1. Saying “I love you” immediately before, during, or after sex doesn’t count. **

2. Real men can drive stick.

3. I will leave if you lie.**

4. You are cute in raglan-sleeved T-shirts (two-toned baseball undershirts).

5. I’m convinced I’m pregnant and obsess about it for 24 to 48 hours before my period, even when I have no reason to think so. **

6. I love it when you hug me from behind and whisper into my ear. **

7. “Fine” is never an appropriate response when I ask you how I look.**

8. Most of the time when I fantasize, it’s about you. **

9. I’m terrified of becoming my mother, even though I admire her.

10. I get turned on simply seeing that I have an e-mail from you.

11. I expect you to call me. **

12. Only rock stars are allowed to wear leather pants.

13. I’m scared of losing my independence. **

14. I’m more forgiving of you than I should be.**

15. Oral sex is your get-out-of-the-dog-house-free card.

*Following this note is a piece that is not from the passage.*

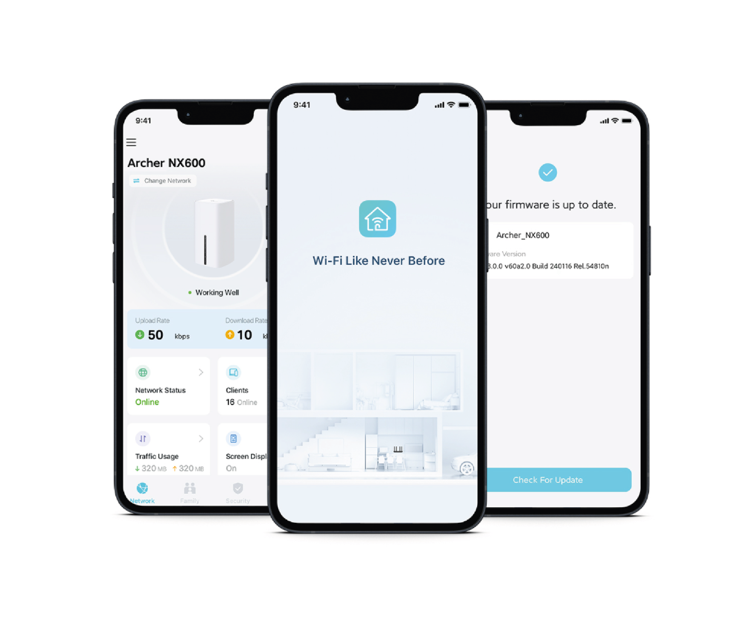 Konfiguracja routera Archer NX600 trwa zaledwie kilka minut. Wystarczy, że zalogujesz się do strony zarządzania lub pobierzesz aplikację Tether. Dostęp do ustawień sieci, w tym kontroli rodzicielskiej czy też kontroli dostępu zyskasz z dowolnego urządzenia z systemem Android lub iOS. Aplikacja Tether umożliwia również wykonywanie aktualizacji oprogramowania do najnowszej wersji, aby utrzymać najwyższą wydajność i bezpieczeństwo routera.

16. You did something bad. I seem cool with it. I’m not. **

17. If I’m not having sex with you it is because I am, A- having a fat day; B- not feeling “connected” to you; C- blackmailing you to get something I want.

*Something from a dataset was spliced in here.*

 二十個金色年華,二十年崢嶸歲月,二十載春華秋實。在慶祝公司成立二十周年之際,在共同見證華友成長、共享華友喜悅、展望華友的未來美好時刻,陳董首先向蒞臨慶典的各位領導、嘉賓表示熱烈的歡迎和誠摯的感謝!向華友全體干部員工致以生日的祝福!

18. Shoes determine whether you’re fashionable or not. **

19. I own a Debbie Gibson CD and I’m not afraid to use it.

20. When I compare my tummy to a kangaroo pouch, say nothing.

21. A man I love plans the occassional fancy-shmancy dress up date and impromptu weekend getaways, and he buys my favorite candy in advance when we’re just going to the movies.

22. You look hot in hooded clothing items.

23. You should never tell me what to do.

24. If I slept over, you owe me breakfast.**

25. My breasts LOVE much licking and sucking.**

26. If you ask me out directly, I will say yes.**

27. I’m very impressed when you ask for my advice. **

28. I’m unimpressed with a man who doesn’t take the lead.**

29. When in doubt, go with a shirt that matches your eye color. **

30. I want to be Madonna.

31. Women get urinary tract infections. So watch (and wash) your fingers.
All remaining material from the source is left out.